Штефан раздраженно фыркнул.

– Да что с ним станется. Его и поленом не перешибешь!

После чего подорвался с места и вышел, вроде как, по нужде, пока еще чего-нибудь не спросили. И так наболтал больше, чем нужно.

Осень только начиналась, ночи были хоть и свежие, но еще теплые. Штефан плюхнулся на землю, развалился боком, опершись на локоть. Конечно, можно было бы и поискать, куда сесть, поберечь сюртук, только толку? Все одно выкидывать, за пару месяцев так тесен в плечах стал, удивительно, как еще налез.

Штефан рассеянно охлопал карманы сюртука и вздохнул. Подсолнух в образ избалованного боярского сынка не вписывался никак, та горсть, что он сыпанул в карман на дорогу, давно закончилась, а на пасеке, как назло, семечек не нашлось. Вот так впору пожалеть, что не куришь, было бы хоть чем руки занять. Может, и отвлечься бы вышло, выкинуть из головы то проклятущее ведро! Шуточка была явно за гранью приличий. Но ведь мама не обиделась. Куда там! Светилась, что солнышко. Рядом с Николае он ее никогда такой счастливой не видел.

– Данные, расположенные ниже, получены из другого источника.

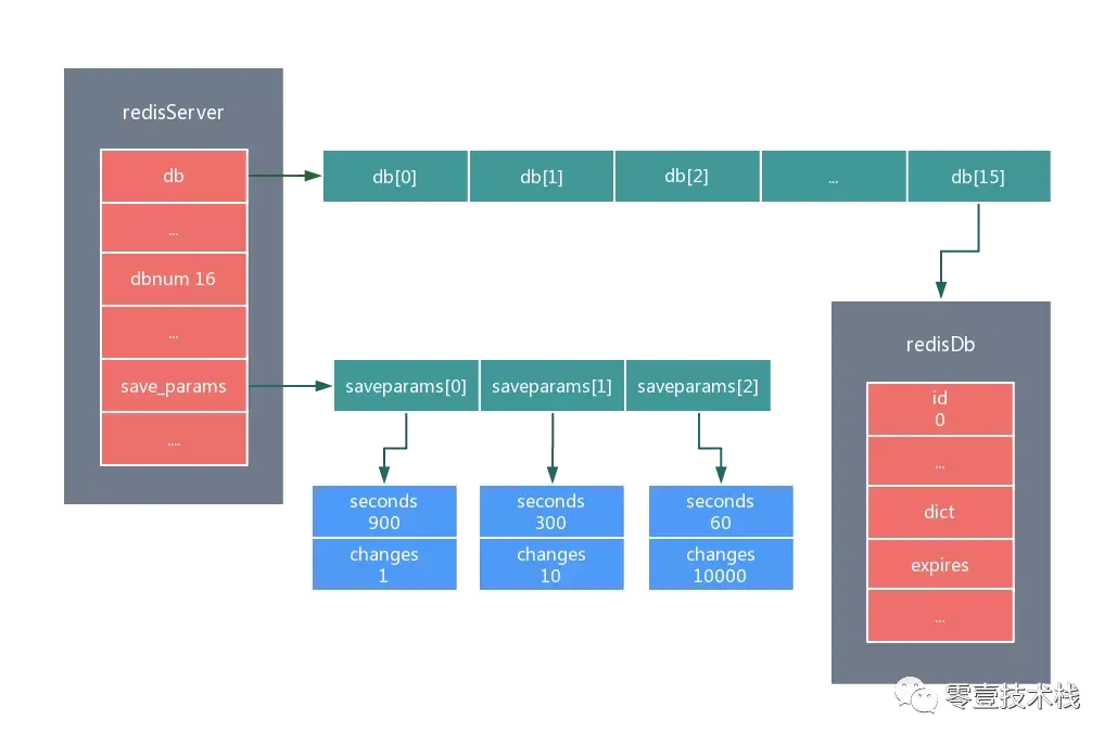 Redis 中的每个数据库都由一个 redis.h/redisDb 结构表示,它记录了单个 Redis 数据库的键空间、所有键的过期时间、处于阻塞状态和就绪状态的键、数据库编号等等。

Штефан со вздохом сорвал травинку и сунул ее в рот.

Николае. Странно, как легко получилось даже в мыслях перестать называть этого человека отцом. Хотя чему удивляться-то? Сколько в памяти ни копайся, недаром Тудор постоянно всплывает. Просто о Николае нечего вспомнить.

Послышались шаги, и Штефан поднял глаза. Фатьма подошла, откинула шарф с лица. Села рядом, участливо поинтересовалась:

– По дому заскучал?

– Я? – вскинулся Штефан и рукавом торопливо вытер нос. – С чего ты взяла?

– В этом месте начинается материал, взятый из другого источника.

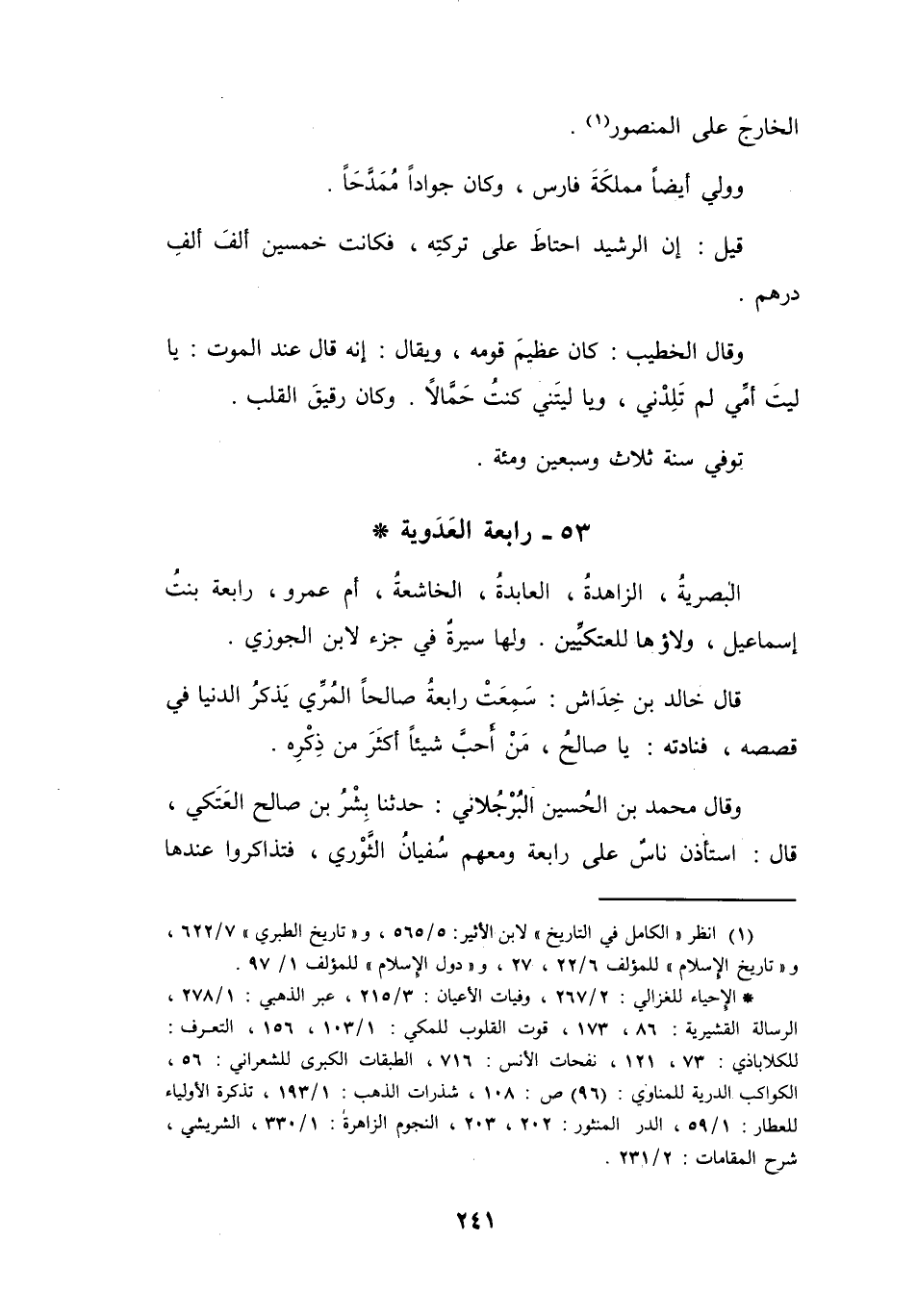 (*) الاحياء للغزالي: 2 / 267، وفيات الأعيان: 3 / 215، عبر الذهبي: 1 / 278، الرسالة القشيرية: 86، 173، قوت القلوب للمكي: 1 / 103، 156، التعرف: للكلاباذي: 73، 121، نفحات الانس: 716، الطبقات الكبرى للشعراني: 56، الكواكب الدرية للمناوي: (96) ص: 108، شذرات الذهب: 1 / 193، تذكرة الأولياء للعطار: 1 / 59، الدر المنثور: 202، 203، النجوم الزاهرة: 1 / 330، الشريشي، شرح المقامات: 2 / 231.

Фатьма хмыкнула, взъерошила ему волосы.

– Да так. Каково тебе, боярину, здесь живется...

– А чем плохо? – вернул ухмылку Штефан и поймал ее за руку. – Или если бы я был не боярин, я бы тебе не нравился?

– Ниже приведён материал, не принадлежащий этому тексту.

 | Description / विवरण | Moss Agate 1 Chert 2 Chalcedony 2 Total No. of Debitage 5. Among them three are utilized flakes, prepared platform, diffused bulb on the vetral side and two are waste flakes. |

– Да какой ты боярин! Разве бояре коровники белят? – рассмеялась Фатьма. – Был бы ты боярином – я бы тебя и вовсе не любила, они все капризные и противные.

Штефан обычно терпеть не мог, когда она так небрежно поминала при нем свое прошлое, но тут готов был от души согласиться. Уж насчет капризов – точно! А ведь подумать, если б не Тудор...

Он поежился. Что тогда пытался запретить ему приставленный к малолетнему боярскому сыну Петру, забылось начисто. Но вот свою попытку дать пощечину дерзкому слуге – как же, он ведь тут боярин, ему все можно, – он запомнил на всю жизнь. Как и презрительный и хлесткий, словно удар нагайкой, взгляд Тудора, и брошенное холодным тоном: «Нравится унижать тех, кто не может ответить? Ты меня разочаровал». Штефану поначалу даже не верилось. Дядька же никогда на него не сердился, ну так, чтобы надолго и всерьез. Только следующие дни как он хвостом ни ходил, как ни ластился, как ни пытался заговорить, его будто не замечали. За три дня вовсе извелся и к ночи не выдержал, обмирая от ужаса, – вдруг не простит? – бросился извиняться... И разревелся позорно от облегчения, поняв, что дядька уже не сердится, вцепился – не оторвешь, и, кажется, так и заснул, не переставая икать и всхлипывать. По крайней мере, когда мама с утра пришла его будить, он начисто не помнил, как оказался снова в своей кровати...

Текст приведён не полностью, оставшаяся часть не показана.